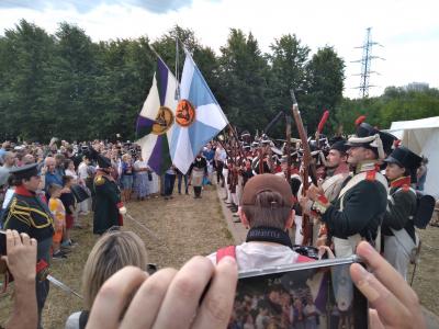 Стреляли артиллеристы из пушек, гарцевали гусары на лошадях, ходили в атаку пехотинцы. По соседству раскинулись два лагеря: русских и французов. Реконструкция проводилась в рамках развлекательно-просветительского проекта Правительства Москвы «Времена и эпохи».
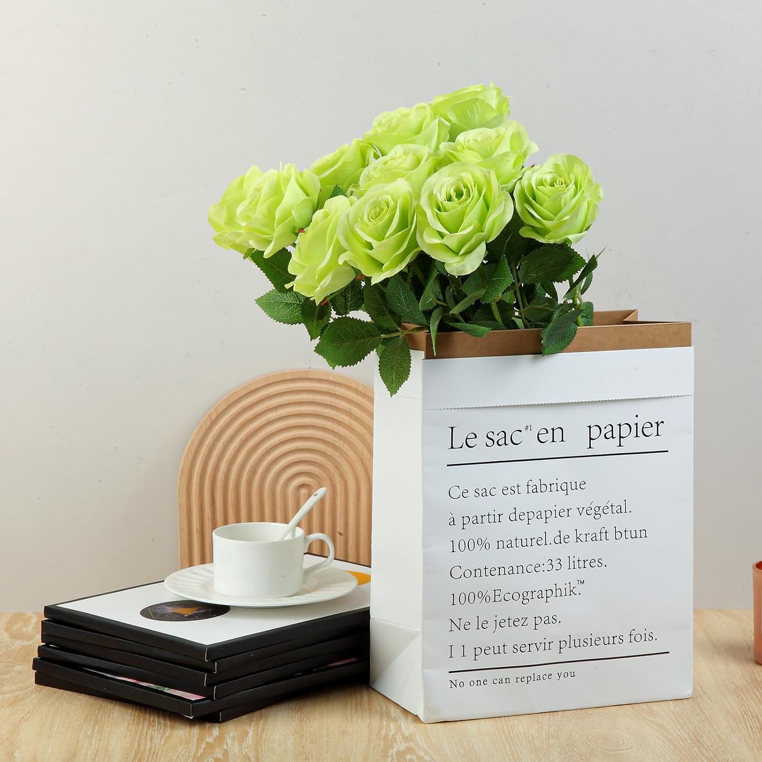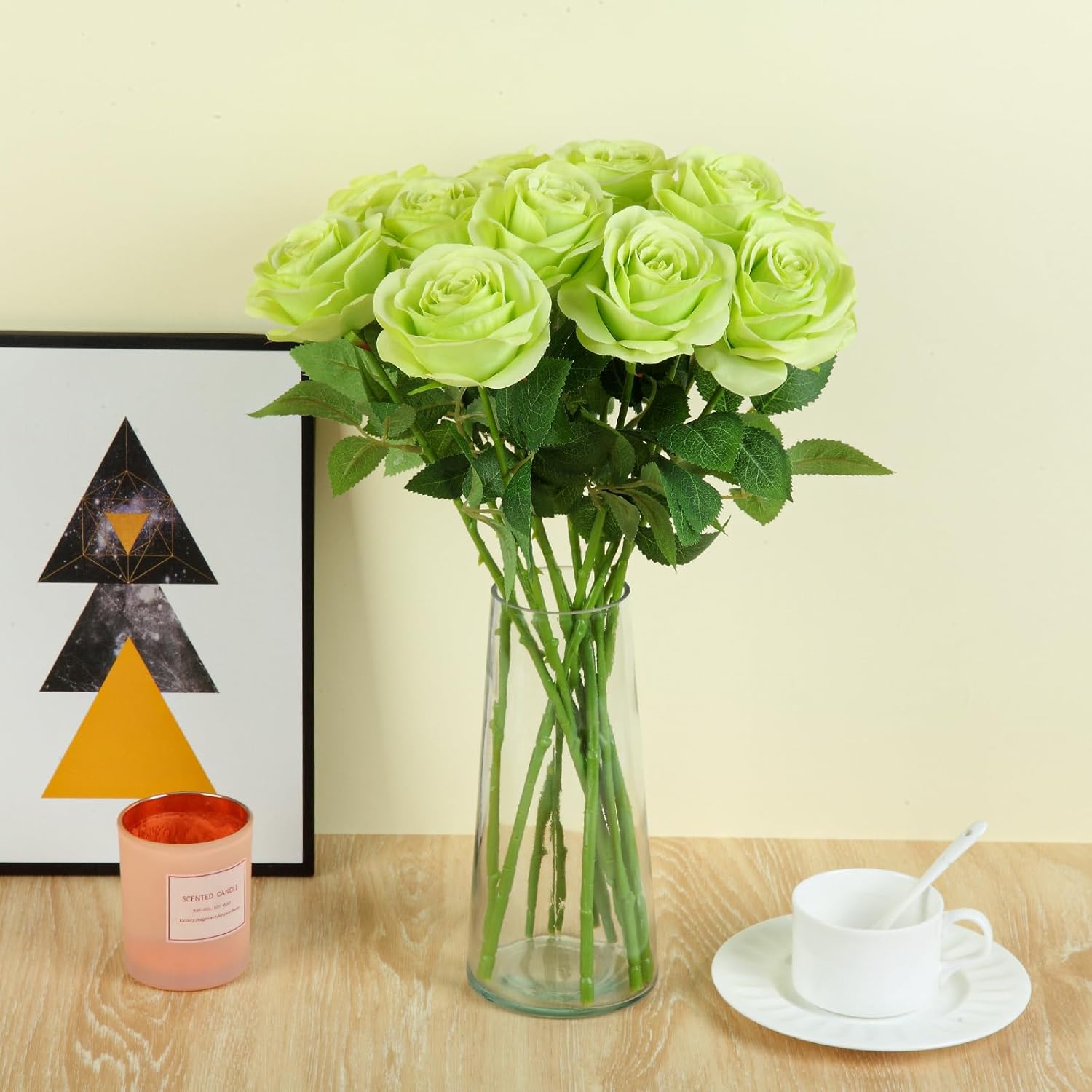 12pcs Roses Artificial Flowers Fake Roses Green Silk Roses White Silk Flowers Rose with Long Stems for Wedding Home Party Centerpieces Decorations
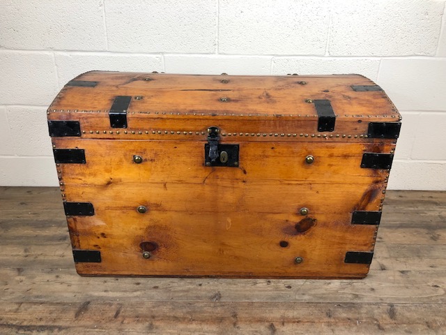 Studded Vintage Pine Dome Top Trunk (1 of 1)
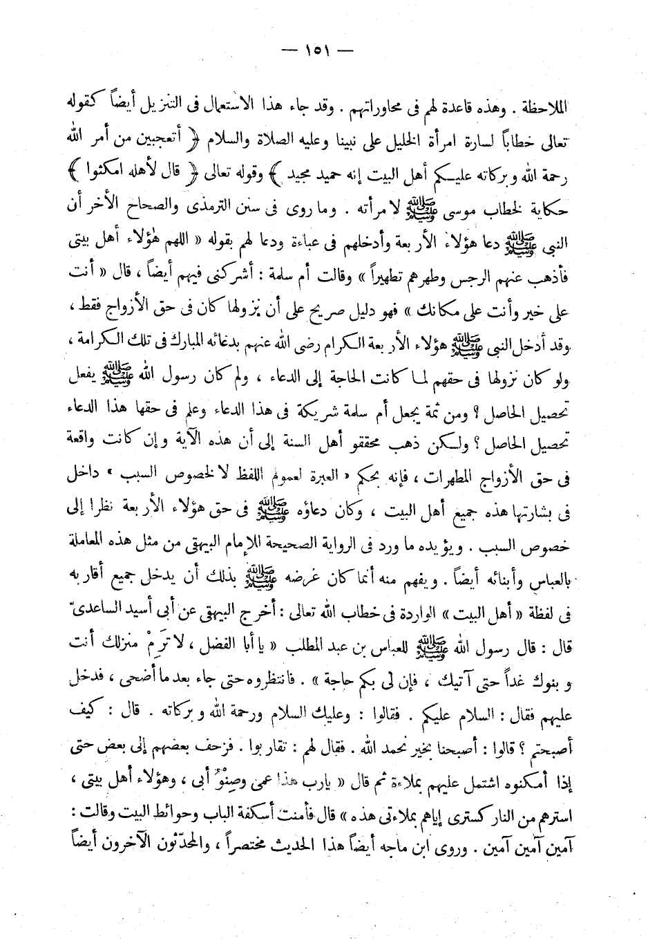 الملاحظة وهذه قاعدة لهم في محاوراتهم وقد جاء هذا الاستعمال في التنزيل أيضا كقوله تعالى خطابا لسارة امرأة الخليل على نبينا وعليه الصلاة والسلام: {أتعجبين من أمر الله رحمة الله وبركاته عليكم أهل البيت إنه حميد مجيد} وقوله {قال لأهله امكثوا} حكاية لخطاب موسى - صلى الله عليه وسلم - لامرأته. وما روي في سنن الترمذي والصحاح الأخر أن النبي - صلى الله عليه وسلم - دعا هؤلاء الأربعة وأدخلهم في عباءة ودعا لهم بقوله «اللهم هؤلاء أهل بيتي فأذهب عنهم الرجس وطهرهم تطهيرا» وقالت أم سلمة: أشركني فيهم أيضا، قال «أنت على خير وأنت على مكانك». (¬1) فهو دليل صريح على أن نزولها كان في حق الأزواج فقط وقد أدخل النبي - صلى الله عليه وسلم - هؤلاء الأربعة - رضي الله تعالى عنهم - بدعائه المبارك في تلك الكرامة ولو كان نزولها في حقهم لما كانت الحاجة إلى الدعاء، ولم كان رسول الله - صلى الله عليه وسلم - يفعل تحصيل الحاصل؟ ومن ثمة يجعل أم سلمة شريكة في هذا الدعاء وعلم في حقها هذا الدعاء تحصيل الحاصل؟ ولكن ذهب محققو أهل السنة إلى أن هذه الآية وإن كانت واقعة في حق الأزواج المطهرات فإنه بحكم «العبرة لعموم اللفظ لا لخصوص السبب» (¬2)
☆ ☆ ☆ ☆ ☆ ☆ ☆
**ACTIVITY**
Any picture found in the data is to be skipped while the rest is copied exactly.

**RESULT FOR THIS EXERCISE**
 Стреляли артиллеристы из пушек, гарцевали гусары на лошадях, ходили в атаку пехотинцы. По соседству раскинулись два лагеря: русских и французов. Реконструкция проводилась в рамках развлекательно-просветительского проекта Правительства Москвы «Времена и эпохи».
 12pcs Roses Artificial Flowers Fake Roses Green Silk Roses White Silk Flowers Rose with Long Stems for Wedding Home Party Centerpieces Decorations
 Studded Vintage Pine Dome Top Trunk (1 of 1)
 الملاحظة وهذه قاعدة لهم في محاوراتهم وقد جاء هذا الاستعمال في التنزيل أيضا كقوله تعالى خطابا لسارة امرأة الخليل على نبينا وعليه الصلاة والسلام: {أتعجبين من أمر الله رحمة الله وبركاته عليكم أهل البيت إنه حميد مجيد} وقوله {قال لأهله امكثوا} حكاية لخطاب موسى - صلى الله عليه وسلم - لامرأته. وما روي في سنن الترمذي والصحاح الأخر أن النبي - صلى الله عليه وسلم - دعا هؤلاء الأربعة وأدخلهم في عباءة ودعا لهم بقوله «اللهم هؤلاء أهل بيتي فأذهب عنهم الرجس وطهرهم تطهيرا» وقالت أم سلمة: أشركني فيهم أيضا، قال «أنت على خير وأنت على مكانك». (¬1) فهو دليل صريح على أن نزولها كان في حق الأزواج فقط وقد أدخل النبي - صلى الله عليه وسلم - هؤلاء الأربعة - رضي الله تعالى عنهم - بدعائه المبارك في تلك الكرامة ولو كان نزولها في حقهم لما كانت الحاجة إلى الدعاء، ولم كان رسول الله - صلى الله عليه وسلم - يفعل تحصيل الحاصل؟ ومن ثمة يجعل أم سلمة شريكة في هذا الدعاء وعلم في حقها هذا الدعاء تحصيل الحاصل؟ ولكن ذهب محققو أهل السنة إلى أن هذه الآية وإن كانت واقعة في حق الأزواج المطهرات فإنه بحكم «العبرة لعموم اللفظ لا لخصوص السبب» (¬2)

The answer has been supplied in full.